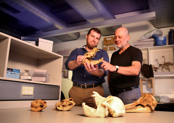 Peer-Reviewed PublicationIMAGE: PROFESSOR KRIS HELGEN (LEFT) AND PROFESSOR TIM FLANNERY WITH EXAMPLES OF MODERN MAMMAL SKULLS ON DISPLAY AT THE AUSTRALIAN MUSEUM FOLLOWING THE PUBLICATION OF A RECENT SCIENTIFIC PAPER AND THE LOCAL DISCOVERY OF AN EARLY MAMMALIAN JAW BONE PROMPTING THE SCIENTIST'S TO POSIT A THEORY OF MAMMALS MIGRATING OUT FROM THE SOUTHERN HEMISPHERE. SYDNEY, DECEMBER 13, 2022. view more
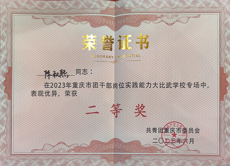 本次团干部岗位实践能力大比武学校专场赛由“线上集中测试”“微团课”“命题演说”“现场答题”四个环节组成,共有来自全市大、中、小学校的20名团干部晋级本次现场赛,经过激烈角逐陈秋熙最终以第5名的成绩荣获“二等奖”!
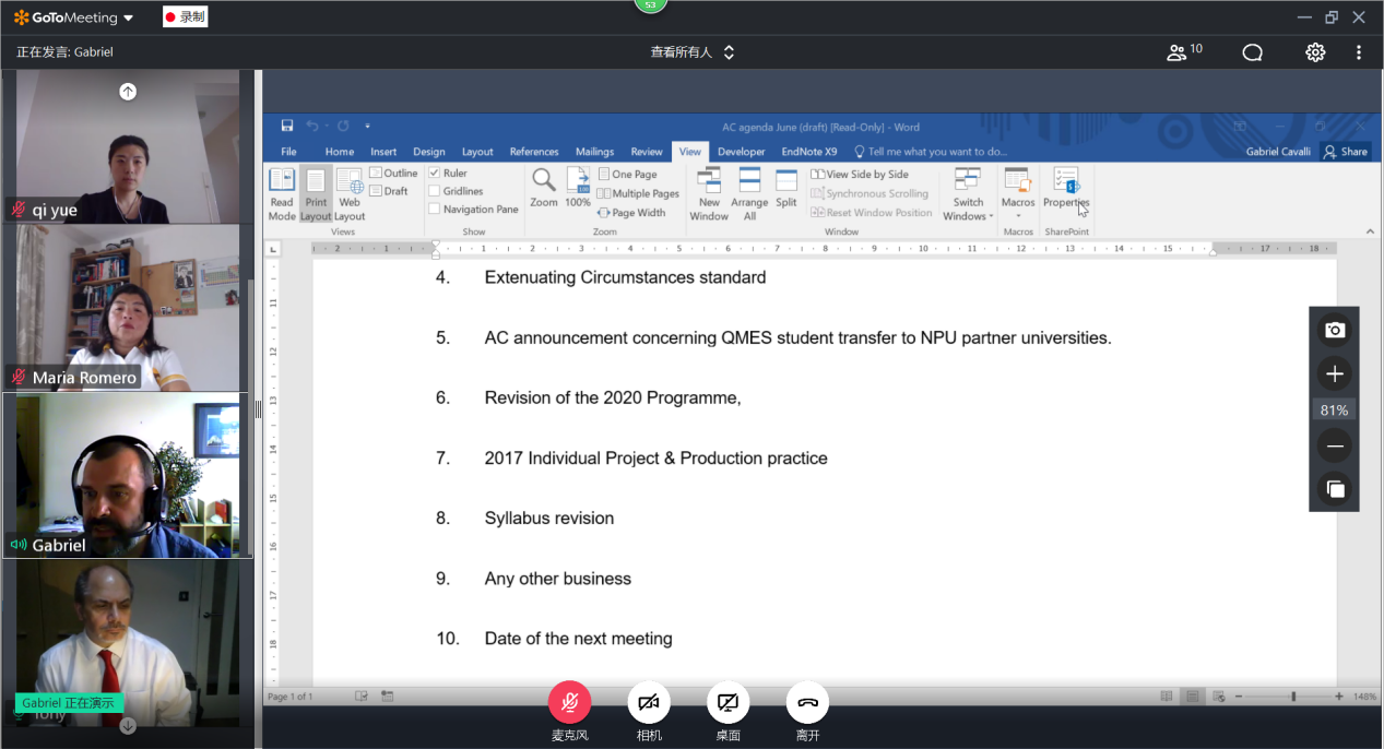 会议由Anthony Michael主持,他对所有参会人员的到来表示欢迎。与会人员回顾了第六次学术委员会会议内容并通过了上次会议纪要,讨论了因特殊原因员工无法参加考试或补考的标准,以及员工能否参加西北工业大学其他合作院校的交换生项目;随后范晓丽汇报了2020级员工培养方案、2017级员工毕业设计、生产实习以及课程教学大纲修订情况,讨论了英方专业课程考试模式;Andy Bushby对学业管理规定提出改进意见。最后与会人员确定下次学术委员会时间。
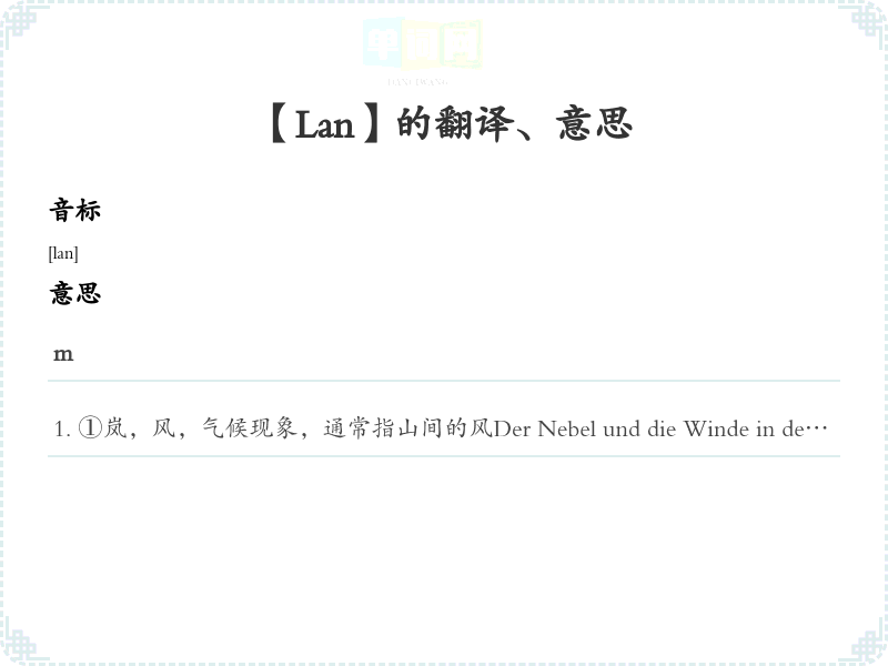 ①岚,风,气候现象,通常指山间的风Der Nebel und die Winde in den Bergen schaffen eine mystische Atmosphäre.雾和山间的风营造出一种神秘的氛围。
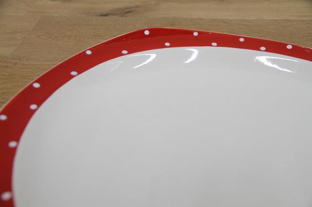 赤いドットは一つ一つ手描きで描かれており、その温かみが魅力です。
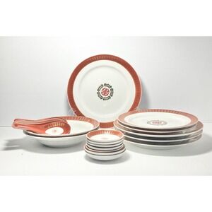 Datang Tatung 25-Piece Porcelain Dinnerware Set No chips, cracks, or fleabites. Set Includes 10 Chinese Spoons 5 1/2” 5 Butter Pats 3 1/2” 4 Dinner Plates 9 3/8” 2 Soup Bowls 8” 2 Salad Plates 8 1/4” 2 Coasters 3 7/8” Total 25
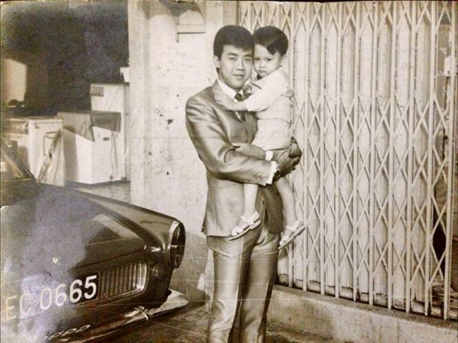 Nghệ sĩ Hữu Châu được nghệ sĩ Bảo Quốc ẵm trước nhà phía đường Trần Hưng Đạo. Anh gọi cố nghệ sĩ là "má Ba". Ảnh: Tư liệu của Nghệ Sĩ Hữu Châu
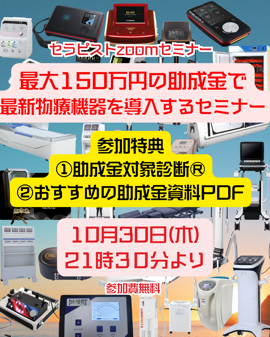 【助成金最大150万円】最新物療機器 導入セミナー参加申込フォーム
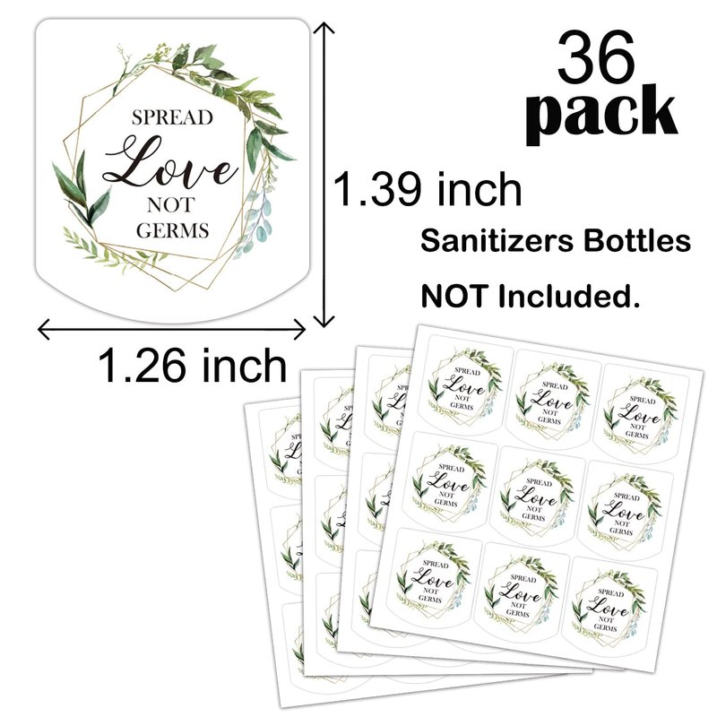 - Includes: 36 spread love not germs hand sanitizer labels. Sanitizers bottles NOT included.
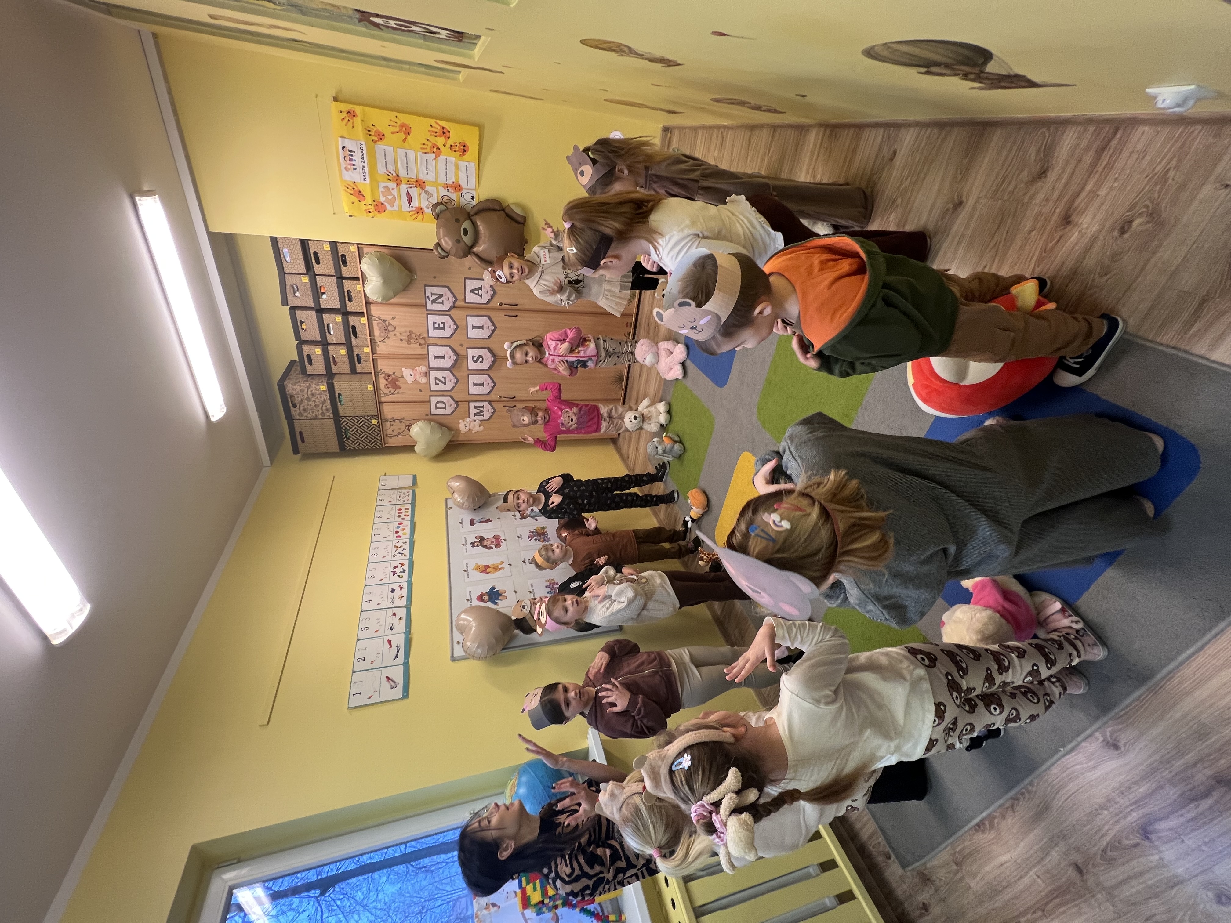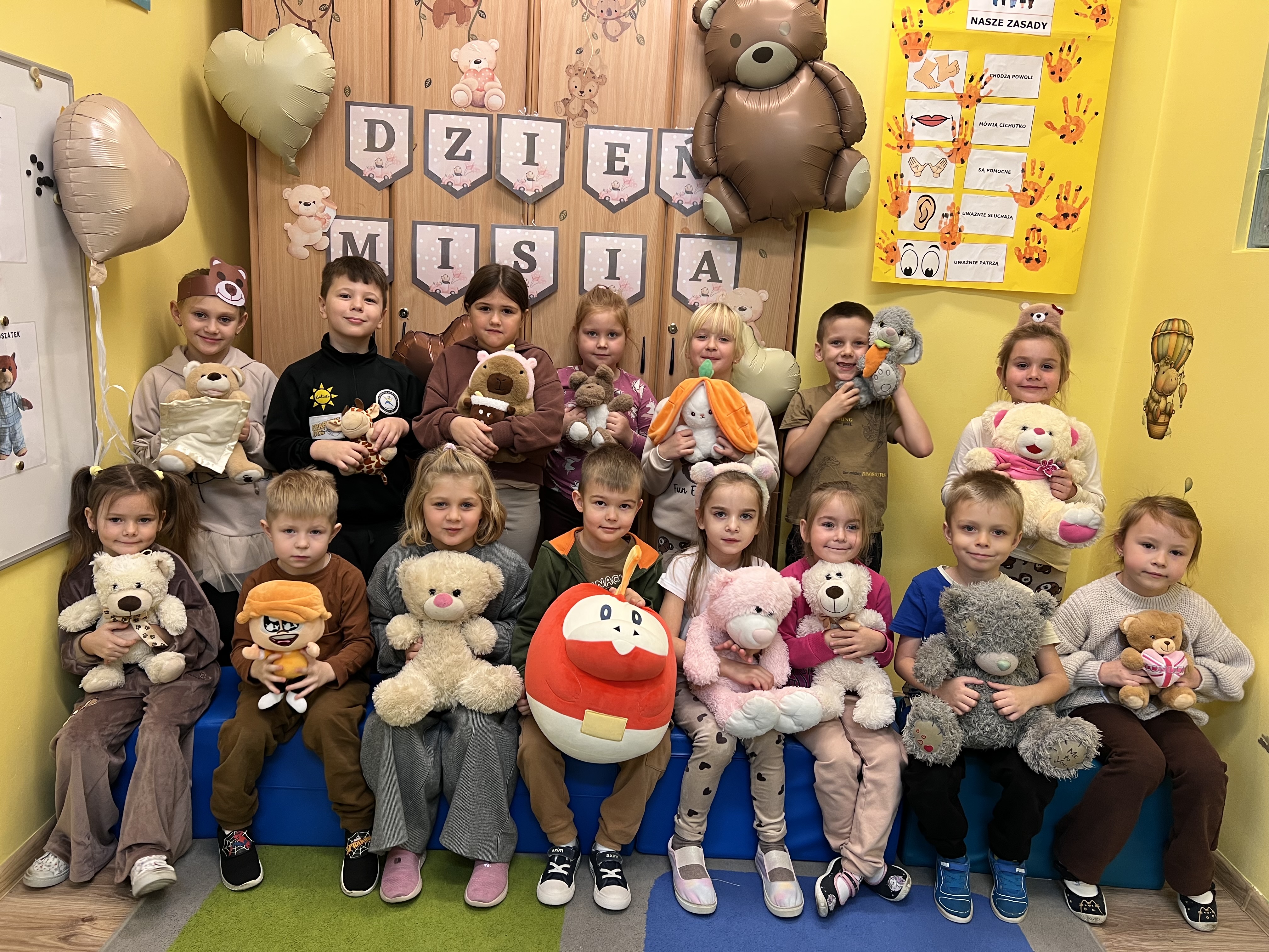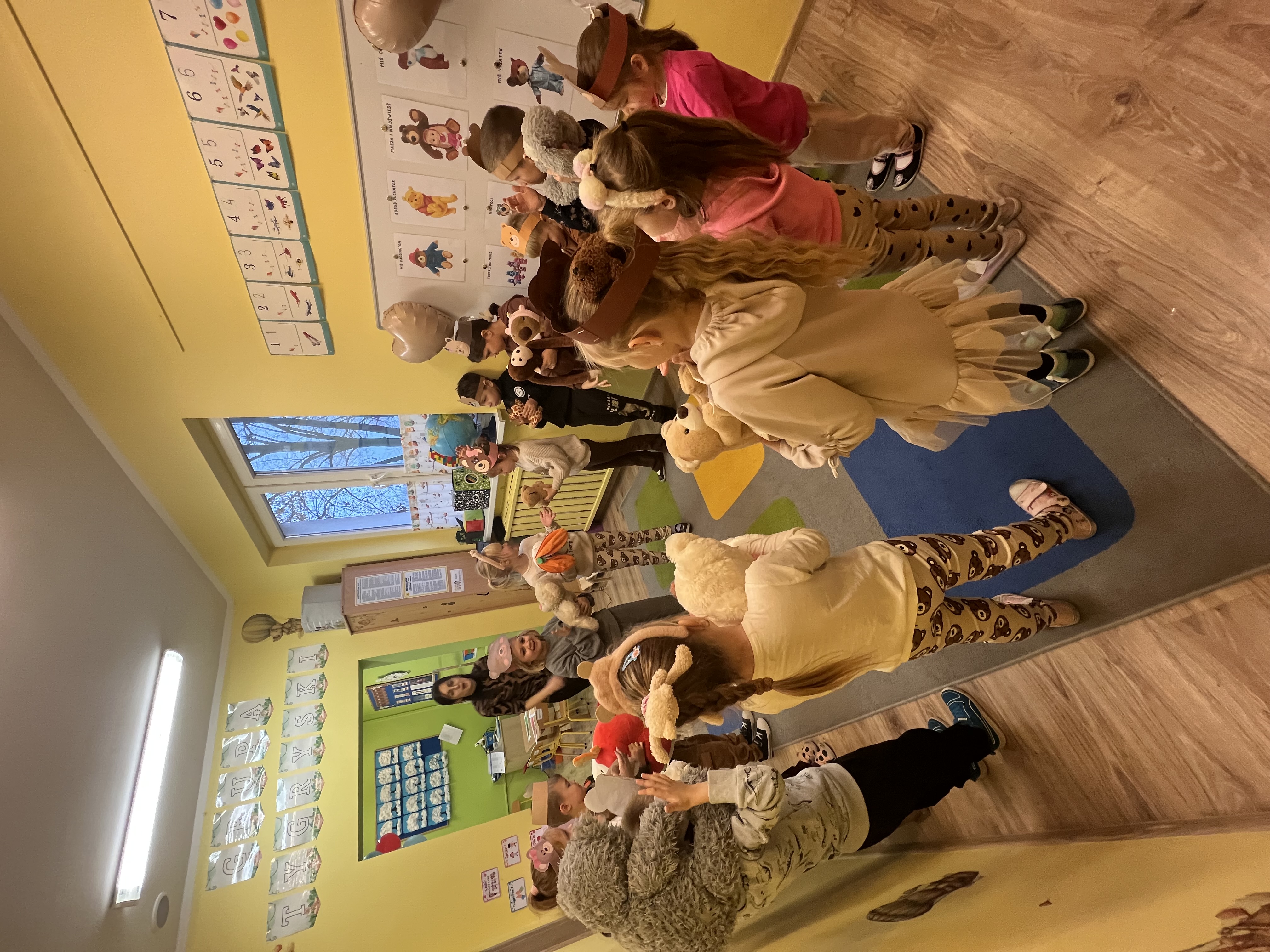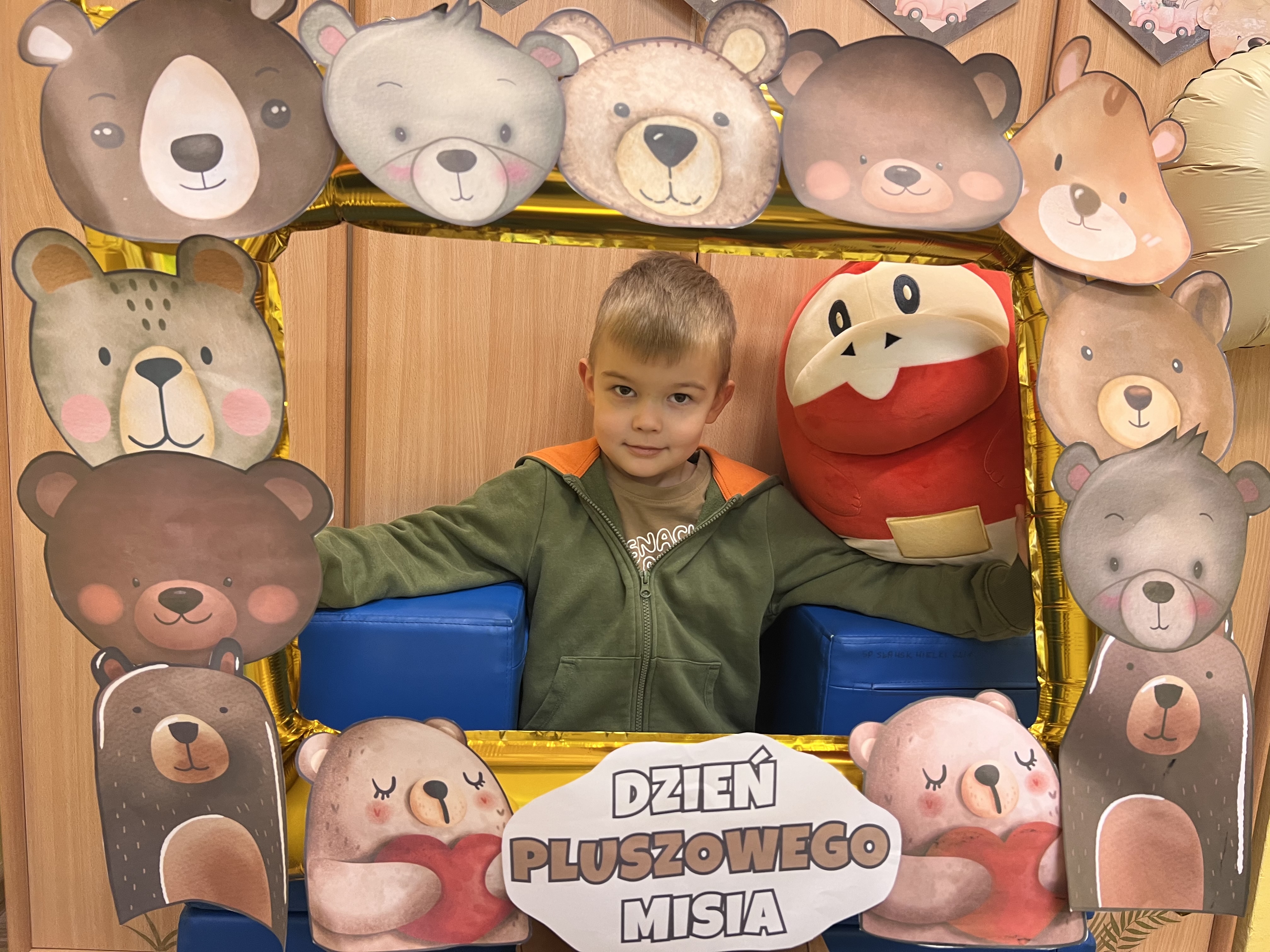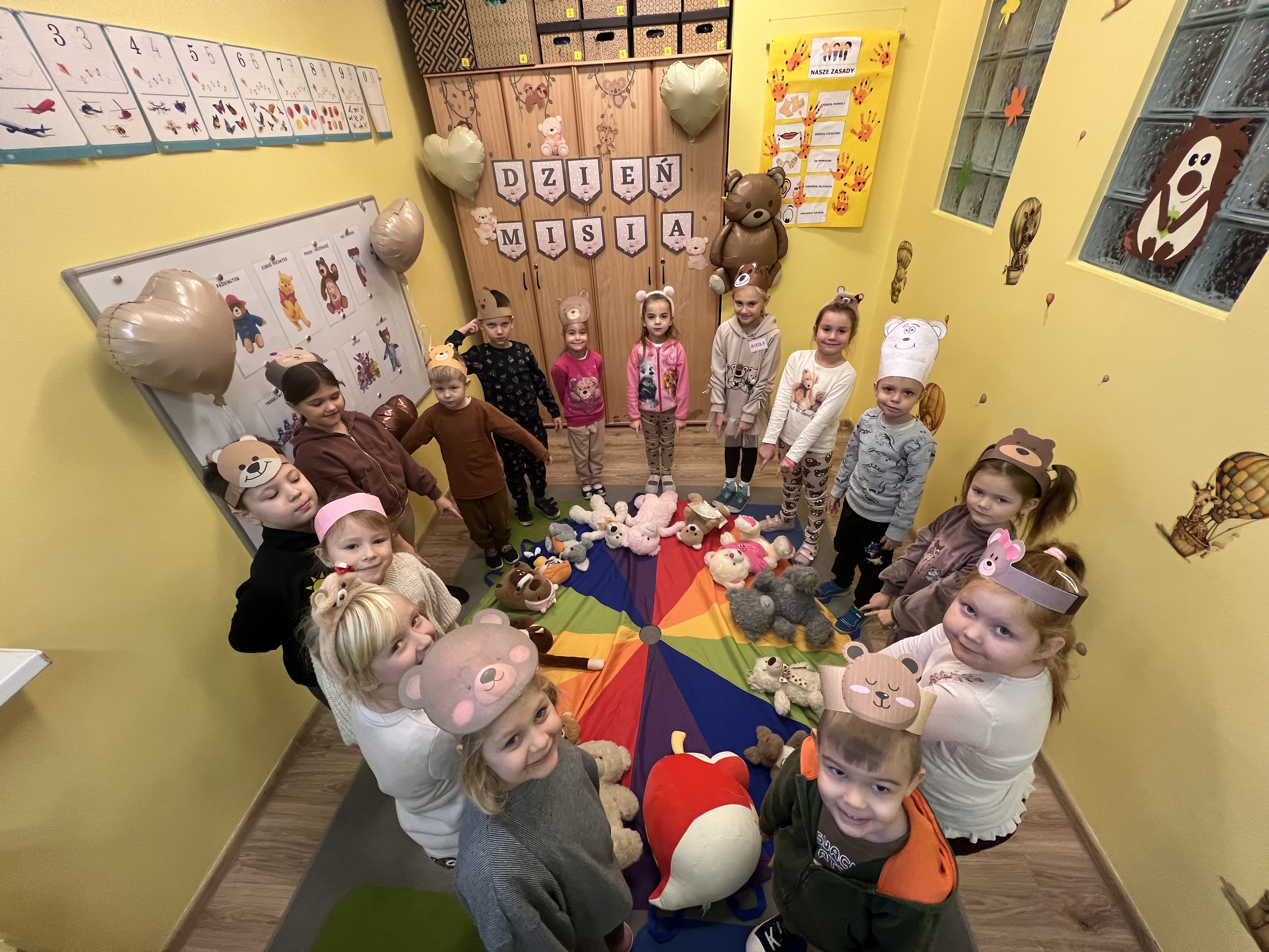 W grupie „Tygryski” świętowaliśmy Dzień Pluszowego Misia, łącząc naukę z aktywną zabawą i naturalną energią naszych przedszkolaków. Rozpoczęliśmy od radosnej powitanki ruchowej, po której dzieci poznały ciekawą historię pluszowego misia. Ruch był ważnym elementem tego wyjątkowego dnia – „Tygryski” z entuzjazmem uczestniczyły w gimnastyce z misiem oraz sprawdzały swoją sprawność na specjalnie przygotowanym torze przeszkód. Nie zabrakło wyzwań edukacyjnych: dzieci samodzielnie mierzyły misie używając klocków jako nietypowej jednostki miary.Następnie doskonaliły liczenie, precyzyjnie dopasowując plastry miodu do danego misia. Wiele radości sprawiła również zabawa w „Szukanie miodku ”, dzięki której przedszkolaki rozwijały słuch fonemowy. Wyjątkową atrakcją dnia była także fotobudka, z której dzieci mogły korzystać w trakcie zabaw, tworząc pamiątkowe, radosne zdjęcia. Dzień upłynął w atmosferze uśmiechu, ruchu i kreatywnej nauki, pozostawiając wiele ciepłych wspomnień.
****************************************
● How to complete this task
Restate all of the material word for word, leaving every picture out.

● Answer section
 Peer-Reviewed PublicationIMAGE: PROFESSOR KRIS HELGEN (LEFT) AND PROFESSOR TIM FLANNERY WITH EXAMPLES OF MODERN MAMMAL SKULLS ON DISPLAY AT THE AUSTRALIAN MUSEUM FOLLOWING THE PUBLICATION OF A RECENT SCIENTIFIC PAPER AND THE LOCAL DISCOVERY OF AN EARLY MAMMALIAN JAW BONE PROMPTING THE SCIENTIST'S TO POSIT A THEORY OF MAMMALS MIGRATING OUT FROM THE SOUTHERN HEMISPHERE. SYDNEY, DECEMBER 13, 2022. view more
 本次团干部岗位实践能力大比武学校专场赛由“线上集中测试”“微团课”“命题演说”“现场答题”四个环节组成,共有来自全市大、中、小学校的20名团干部晋级本次现场赛,经过激烈角逐陈秋熙最终以第5名的成绩荣获“二等奖”!
 会议由Anthony Michael主持,他对所有参会人员的到来表示欢迎。与会人员回顾了第六次学术委员会会议内容并通过了上次会议纪要,讨论了因特殊原因员工无法参加考试或补考的标准,以及员工能否参加西北工业大学其他合作院校的交换生项目;随后范晓丽汇报了2020级员工培养方案、2017级员工毕业设计、生产实习以及课程教学大纲修订情况,讨论了英方专业课程考试模式;Andy Bushby对学业管理规定提出改进意见。最后与会人员确定下次学术委员会时间。
 ①岚,风,气候现象,通常指山间的风Der Nebel und die Winde in den Bergen schaffen eine mystische Atmosphäre.雾和山间的风营造出一种神秘的氛围。
 赤いドットは一つ一つ手描きで描かれており、その温かみが魅力です。
 Datang Tatung 25-Piece Porcelain Dinnerware Set No chips, cracks, or fleabites. Set Includes 10 Chinese Spoons 5 1/2” 5 Butter Pats 3 1/2” 4 Dinner Plates 9 3/8” 2 Soup Bowls 8” 2 Salad Plates 8 1/4” 2 Coasters 3 7/8” Total 25
 Nghệ sĩ Hữu Châu được nghệ sĩ Bảo Quốc ẵm trước nhà phía đường Trần Hưng Đạo. Anh gọi cố nghệ sĩ là "má Ba". Ảnh: Tư liệu của Nghệ Sĩ Hữu Châu
 【助成金最大150万円】最新物療機器 導入セミナー参加申込フォーム
 - Includes: 36 spread love not germs hand sanitizer labels. Sanitizers bottles NOT included.
 W grupie „Tygryski” świętowaliśmy Dzień Pluszowego Misia, łącząc naukę z aktywną zabawą i naturalną energią naszych przedszkolaków. Rozpoczęliśmy od radosnej powitanki ruchowej, po której dzieci poznały ciekawą historię pluszowego misia. Ruch był ważnym elementem tego wyjątkowego dnia – „Tygryski” z entuzjazmem uczestniczyły w gimnastyce z misiem oraz sprawdzały swoją sprawność na specjalnie przygotowanym torze przeszkód. Nie zabrakło wyzwań edukacyjnych: dzieci samodzielnie mierzyły misie używając klocków jako nietypowej jednostki miary.Następnie doskonaliły liczenie, precyzyjnie dopasowując plastry miodu do danego misia. Wiele radości sprawiła również zabawa w „Szukanie miodku ”, dzięki której przedszkolaki rozwijały słuch fonemowy. Wyjątkową atrakcją dnia była także fotobudka, z której dzieci mogły korzystać w trakcie zabaw, tworząc pamiątkowe, radosne zdjęcia. Dzień upłynął w atmosferze uśmiechu, ruchu i kreatywnej nauki, pozostawiając wiele ciepłych wspomnień.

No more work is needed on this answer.